Clelia Arduini ha dunque rammemorato, evocato, resuscitato la sua
Roma, quella fra l’estate del 1998 in cui giunse qui e quella odierna in cui lei se ne va col marito nella patria di lui, nel cuore della verde (speriamo a lungo) Umbria, per ragioni di lavoro.
È malinconica, certo, tuttavia non sembra avere il cuore straziato Clelia, forse perché il suo non lo avverte come un addio definitivo ma come un arrivederci. Che poi sia una illusione coltivata ad arte per rendere meno sanguinante la ferita o una possibilità reale lo dirà soltanto il futuro. In ogni caso ha usato anche un artificio curioso, intelligente per integrare l’album già fitto e pieno di figurine, di istantanee, di luci e di estri delle proprie giornate memorabili a Roma. Servirsi cioè di un amico di un po’ di anni più anziano che può quindi raccontarle e così evocare la città degli anni ’70, dell’era nicoliniana, stretta fra sparatorie, bombe e attentati e un’estate dove la quantità e la qualità delle proposte ludiche e culturali facevano dimenticare anche le P38. Il Festival dei poeti a Castelporziano, oggi impensabile, le notti passate sdraiati sui prati davanti al grande schermo del vecchio/nuovo cinema, la scoperta delle ville e dei parchi fra mille musiche e feste.

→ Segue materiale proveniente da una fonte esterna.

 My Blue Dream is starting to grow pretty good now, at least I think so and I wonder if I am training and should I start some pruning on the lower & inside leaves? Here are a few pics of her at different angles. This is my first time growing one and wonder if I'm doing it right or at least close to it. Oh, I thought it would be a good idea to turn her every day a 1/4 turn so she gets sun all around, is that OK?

Il racconto retrospettivo non si spinge però sino alla fine degli anni ’50, alle mitologie della Dolce Vita, fra via Veneto (che Federico Fellini poi ricostruì in studio a Cinecittà, come la sua Rimini del resto) e piazza del Popolo, dalle trattorie ancora autentiche frequentate da artisti, scrittori, registi, attori e alle case arrampicate sulle terrazze fiorite in una Trastevere ancora umana. Non ci arriva, ed è bene così perché anche questa Roma più recente raccontata da Clelia in presa diretta o attraverso Silvestro, il suo mentore, merita di venire evocata in tutte le sue suggestioni vecchie e nuove.
Fra l’altro l’autrice ha il merito di scoprire
una meta ludica e culturale di massa come quella del Parco della Musica, del nuovo imponente Auditorium di Renzo Piano ormai cresciuto al punto da capeggiare la graduatoria europea dei complessi da spettacolo quali il Barbican Centre di Londra.

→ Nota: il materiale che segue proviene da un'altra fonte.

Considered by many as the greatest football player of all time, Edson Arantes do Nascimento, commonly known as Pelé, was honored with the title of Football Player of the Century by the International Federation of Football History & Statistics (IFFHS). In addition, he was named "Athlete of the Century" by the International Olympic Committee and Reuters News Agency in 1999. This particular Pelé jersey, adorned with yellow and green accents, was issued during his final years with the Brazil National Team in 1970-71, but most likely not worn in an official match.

Clelia dà per acquisito da tutti ciò che per lei è stato subito familiare e cioè che l’area del nuovo Auditorium sia uno dei nuovi perni attorno ai quali ruota la vita culturale di massa di Roma, di quella musicale anzitutto, dal gregoriano al rock, da Bach a Springsteen, purché sia buona musica. E si sofferma giustamente sul più simpatico e gentile e umile degli assessori capitolini alla Cultura, Gianni Borgna, poi presidente di Musica per Roma, grande affittasale
di lusso, ormai cinque sale compreso quel teatro a lui dedicato, finalmente. Sì perché in vita Gianni non ebbe dal suo partito le medaglie che si era ampiamente meritato, non le ebbe a vantaggio di gente mediocre, di burocrati senza storia.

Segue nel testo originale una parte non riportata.